Normalization of integral involving Laguerre polynomials

Question

The following integral involving Laguerre polynomials came up in a quantum mechanics problem I was working on: $$\int_{0}^{\infty} | {Akp^{l}e^{-p/2} L_{n-l-1}^{2l+1}}(p)|^{2} r^2dr$$ Where $p=2kr$ and $A$ is the normalization constant. According to my book, the normalization constant is $$A = \left[2k\tfrac{(n-l-1)!}{2n((n+l)!)^{3}}\right]^{1/2}$$ although I can't seem to get this.
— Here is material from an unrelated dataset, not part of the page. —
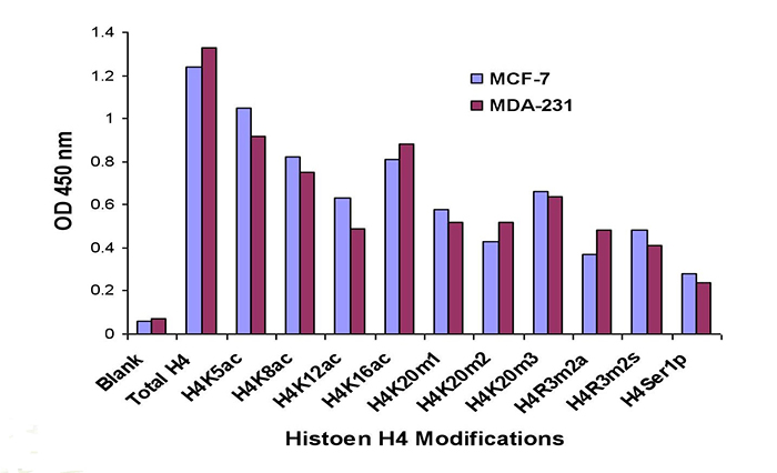 該試劑盒檢測H4修飾位點:H4K5ac、H4K8ac、H4K12ac、H4K16ac、H4R3m2a、H4R3m2s、H4K20m1、H4K20m2、H4K20m3、H4ser1、TotalH4

I first expanded the integral to get $$\int_{0}^{\infty} {A^{2}k^{2}p^{2l}e^{-p} [L_{n-l-1}^{2l+1}}(p)]^2r^2dr = \frac{1}{2k}A^{2}\int_{0}^{\infty} {p^{2l+2}e^{-p} [L_{n-l-1}^{2l+1}}(p)]^2dp$$ Multiplying each term of the recurrence relationship $$pL_{n}^{a}(p)=-(n+1)L_{n+1}^{a}(p)+(2n+a+1)L_{n}^{a}(p)-(n+a)L_{n-1}^{a}(p)$$ by $$p^{2l+1}e^{-p}L_{n-l-1}^{2l+1}(p)$$ and then integrating reduces all but the middle term to zero due to the orthogonality relationship: $$\int_{0}^{\infty} {p^{a}e^{-p}L_{n}^{a}}(p)L_{m}^{a}dp = \frac{(n+a)!}{n!}\delta_{n,m}$$ I then find that the integral is equal to $$\int_{0}^{\infty} {(pL_{n-l-1}^{2l+1}(p)) p^{2l+1}e^{-p}L_{n-l-1}^{2l+1}}(p)dp = \frac{(2n)(n+l)!}{(n-l-1)!}$$ Solving for $A$, I get $$A = \left[2k\tfrac{(n-l-1)!}{2n(n+l)!}\right]^{1/2}$$ This is notably lacking the cubed factorial in the denominator, and I'm at a loss as to where that would ever come up during integration. Can anyone spot any errors in my work?